Requirement:
Check each line of the material for the string "fire", then give only how many lines have it.

Data for the task START

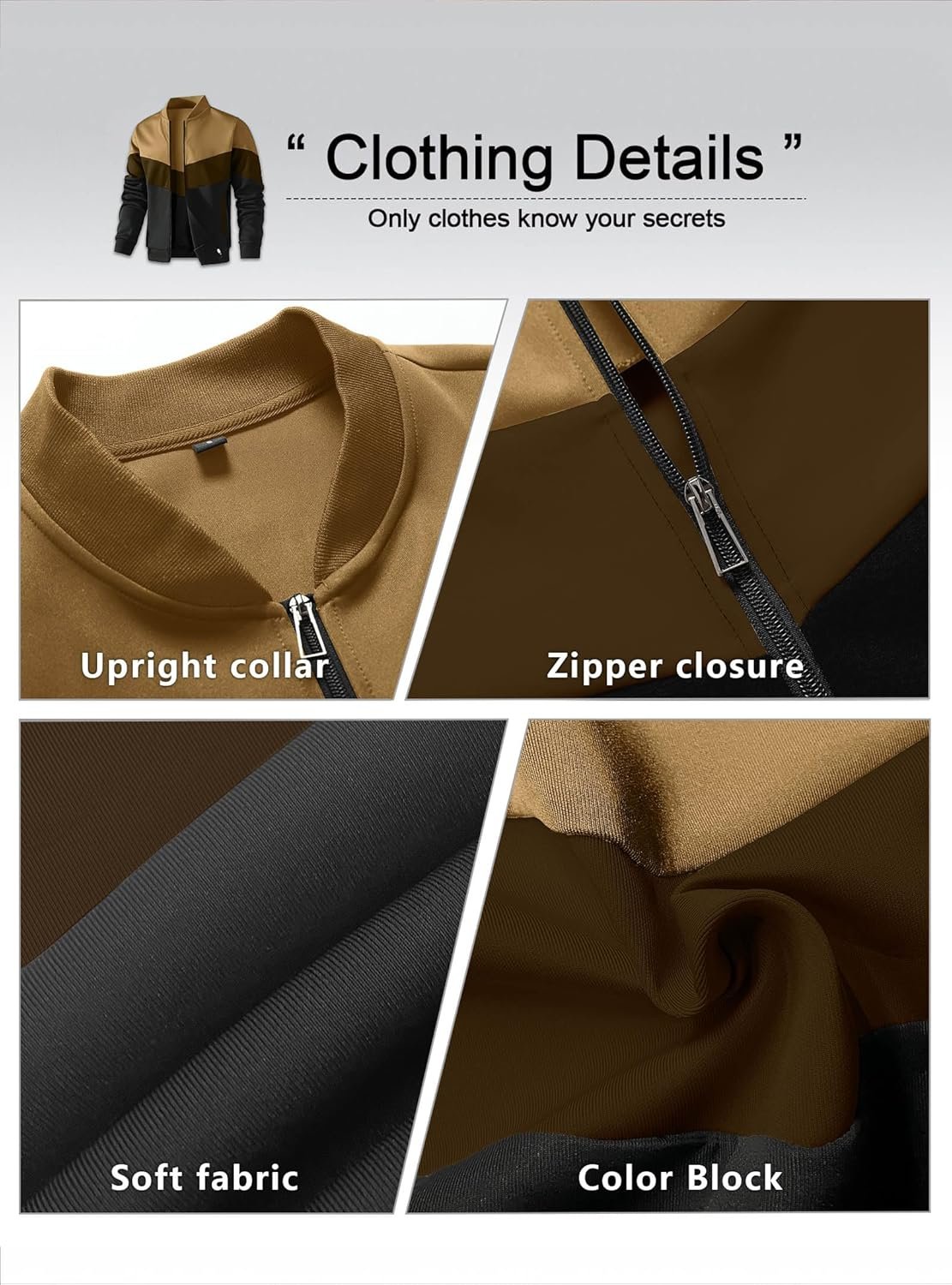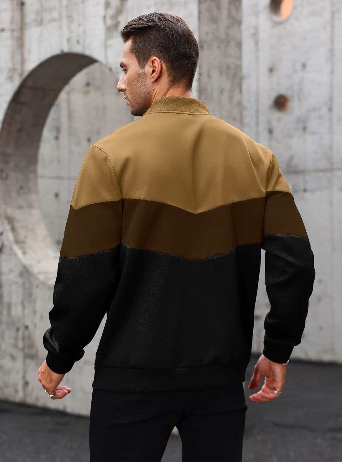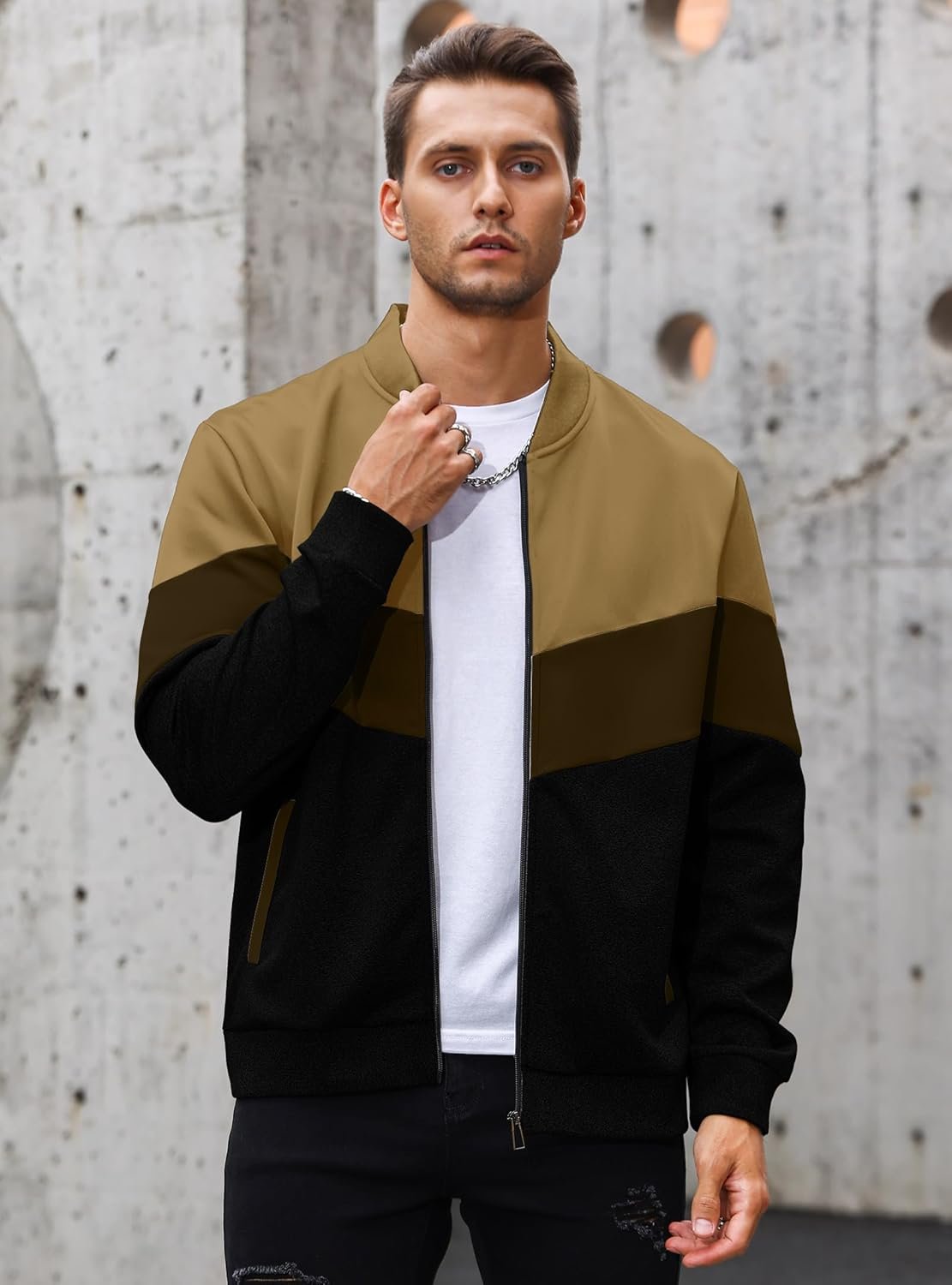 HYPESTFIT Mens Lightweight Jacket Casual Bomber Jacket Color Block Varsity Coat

Data for the task END
Data for the task START

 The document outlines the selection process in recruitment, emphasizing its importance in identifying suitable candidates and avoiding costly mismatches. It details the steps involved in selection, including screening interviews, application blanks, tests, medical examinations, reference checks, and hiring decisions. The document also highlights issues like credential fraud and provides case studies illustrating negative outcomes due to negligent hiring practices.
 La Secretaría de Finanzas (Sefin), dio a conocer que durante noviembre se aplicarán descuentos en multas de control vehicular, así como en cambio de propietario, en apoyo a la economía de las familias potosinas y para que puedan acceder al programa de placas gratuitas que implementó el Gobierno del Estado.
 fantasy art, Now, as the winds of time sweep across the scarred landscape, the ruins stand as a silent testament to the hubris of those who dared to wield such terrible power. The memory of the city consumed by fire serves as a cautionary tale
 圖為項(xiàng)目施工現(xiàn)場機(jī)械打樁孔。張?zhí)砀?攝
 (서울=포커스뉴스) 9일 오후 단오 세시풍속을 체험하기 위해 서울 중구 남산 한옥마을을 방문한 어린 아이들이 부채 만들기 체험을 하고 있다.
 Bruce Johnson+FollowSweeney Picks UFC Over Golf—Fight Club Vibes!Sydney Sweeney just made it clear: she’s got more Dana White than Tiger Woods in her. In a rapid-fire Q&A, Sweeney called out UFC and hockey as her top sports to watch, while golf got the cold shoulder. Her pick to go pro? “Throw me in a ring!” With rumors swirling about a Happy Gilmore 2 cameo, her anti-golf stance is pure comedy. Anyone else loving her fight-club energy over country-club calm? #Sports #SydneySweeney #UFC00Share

Data for the task END
Data for the task START

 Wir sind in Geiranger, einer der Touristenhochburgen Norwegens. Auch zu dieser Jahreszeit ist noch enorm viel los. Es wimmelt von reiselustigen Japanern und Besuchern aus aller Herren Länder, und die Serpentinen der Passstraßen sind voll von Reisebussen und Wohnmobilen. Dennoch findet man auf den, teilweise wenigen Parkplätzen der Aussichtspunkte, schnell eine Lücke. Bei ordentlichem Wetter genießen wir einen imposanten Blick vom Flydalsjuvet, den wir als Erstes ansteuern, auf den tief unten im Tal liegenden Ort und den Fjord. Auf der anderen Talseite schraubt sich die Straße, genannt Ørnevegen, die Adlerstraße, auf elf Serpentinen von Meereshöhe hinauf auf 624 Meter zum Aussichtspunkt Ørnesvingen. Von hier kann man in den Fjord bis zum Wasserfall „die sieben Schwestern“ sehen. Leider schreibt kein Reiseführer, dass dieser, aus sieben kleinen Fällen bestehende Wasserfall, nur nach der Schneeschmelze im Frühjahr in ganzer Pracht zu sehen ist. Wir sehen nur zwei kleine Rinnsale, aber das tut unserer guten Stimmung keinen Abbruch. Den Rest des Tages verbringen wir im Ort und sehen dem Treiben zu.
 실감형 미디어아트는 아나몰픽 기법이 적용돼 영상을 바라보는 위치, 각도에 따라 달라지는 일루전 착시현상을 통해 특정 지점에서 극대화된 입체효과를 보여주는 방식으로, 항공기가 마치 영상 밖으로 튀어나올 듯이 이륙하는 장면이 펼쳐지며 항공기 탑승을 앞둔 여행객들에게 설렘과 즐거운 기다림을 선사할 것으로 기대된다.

Data for the task END

Response to this exercise:
2